Your task: When copying the records below, keep every word as it is and drop the images.

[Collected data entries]
((

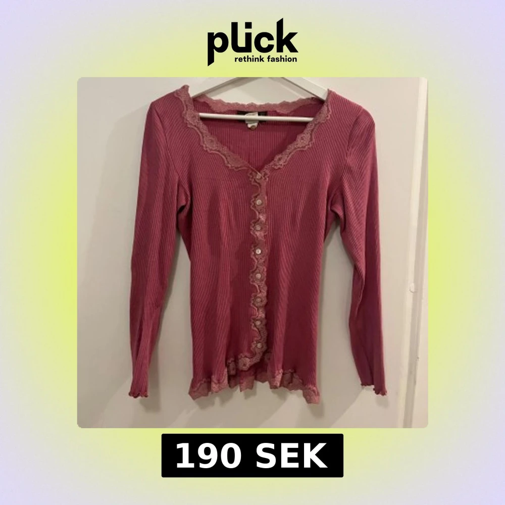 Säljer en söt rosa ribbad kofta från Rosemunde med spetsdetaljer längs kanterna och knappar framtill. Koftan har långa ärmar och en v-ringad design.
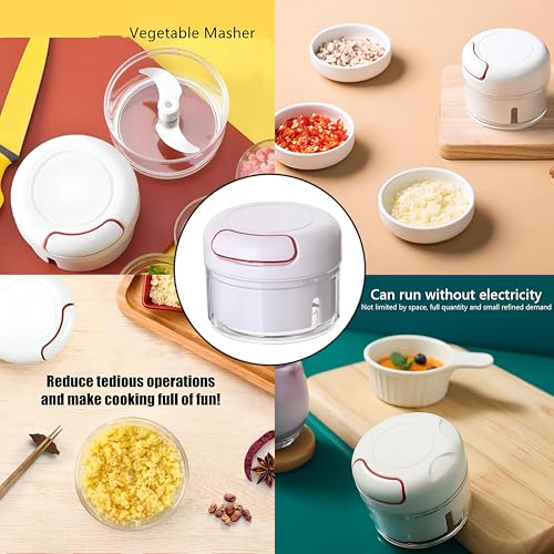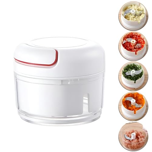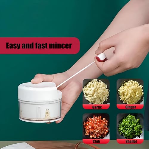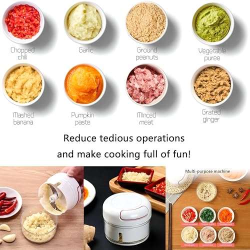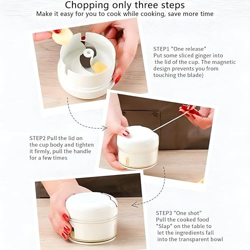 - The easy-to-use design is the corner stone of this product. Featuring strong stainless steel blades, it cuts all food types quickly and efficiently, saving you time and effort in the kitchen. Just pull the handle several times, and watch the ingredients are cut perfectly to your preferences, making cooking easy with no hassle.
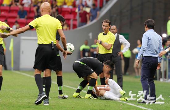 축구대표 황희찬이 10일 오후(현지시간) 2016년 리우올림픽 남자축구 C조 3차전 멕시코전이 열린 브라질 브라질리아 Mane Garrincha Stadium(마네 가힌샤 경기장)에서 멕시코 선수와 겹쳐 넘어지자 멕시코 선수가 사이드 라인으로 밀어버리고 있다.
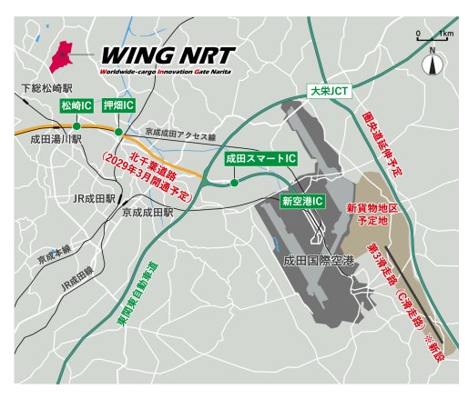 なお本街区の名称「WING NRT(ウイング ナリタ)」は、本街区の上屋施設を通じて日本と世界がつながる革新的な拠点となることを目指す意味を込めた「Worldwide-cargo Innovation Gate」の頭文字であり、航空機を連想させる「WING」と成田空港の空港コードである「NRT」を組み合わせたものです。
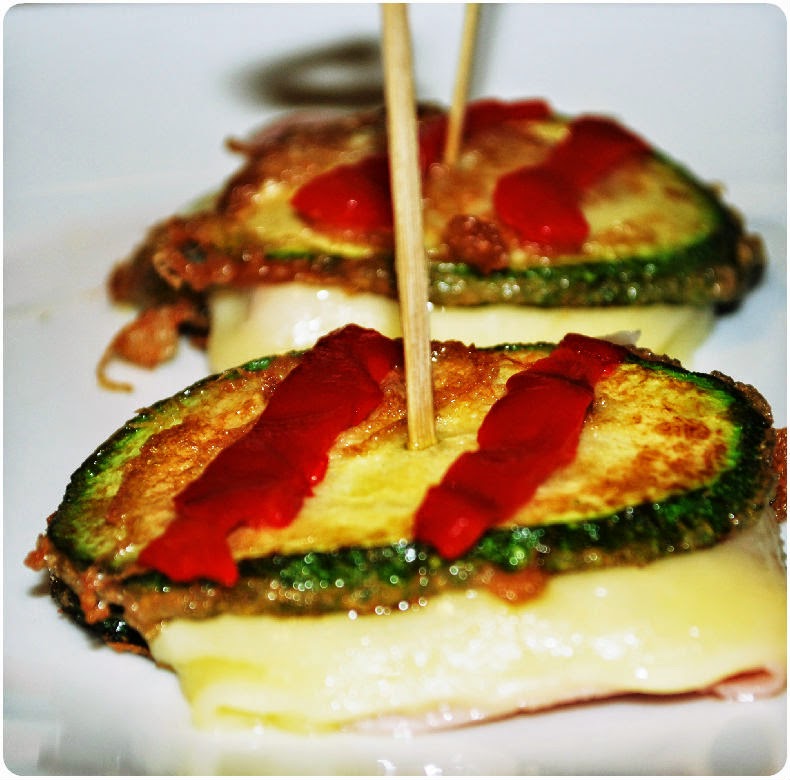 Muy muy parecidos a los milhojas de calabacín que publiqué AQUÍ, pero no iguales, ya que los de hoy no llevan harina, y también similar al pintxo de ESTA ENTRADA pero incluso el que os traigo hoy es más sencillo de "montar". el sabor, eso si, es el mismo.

))

Task answer:
 Säljer en söt rosa ribbad kofta från Rosemunde med spetsdetaljer längs kanterna och knappar framtill. Koftan har långa ärmar och en v-ringad design.
 - The easy-to-use design is the corner stone of this product. Featuring strong stainless steel blades, it cuts all food types quickly and efficiently, saving you time and effort in the kitchen. Just pull the handle several times, and watch the ingredients are cut perfectly to your preferences, making cooking easy with no hassle.
 축구대표 황희찬이 10일 오후(현지시간) 2016년 리우올림픽 남자축구 C조 3차전 멕시코전이 열린 브라질 브라질리아 Mane Garrincha Stadium(마네 가힌샤 경기장)에서 멕시코 선수와 겹쳐 넘어지자 멕시코 선수가 사이드 라인으로 밀어버리고 있다.
 なお本街区の名称「WING NRT(ウイング ナリタ)」は、本街区の上屋施設を通じて日本と世界がつながる革新的な拠点となることを目指す意味を込めた「Worldwide-cargo Innovation Gate」の頭文字であり、航空機を連想させる「WING」と成田空港の空港コードである「NRT」を組み合わせたものです。
 Muy muy parecidos a los milhojas de calabacín que publiqué AQUÍ, pero no iguales, ya que los de hoy no llevan harina, y también similar al pintxo de ESTA ENTRADA pero incluso el que os traigo hoy es más sencillo de "montar". el sabor, eso si, es el mismo.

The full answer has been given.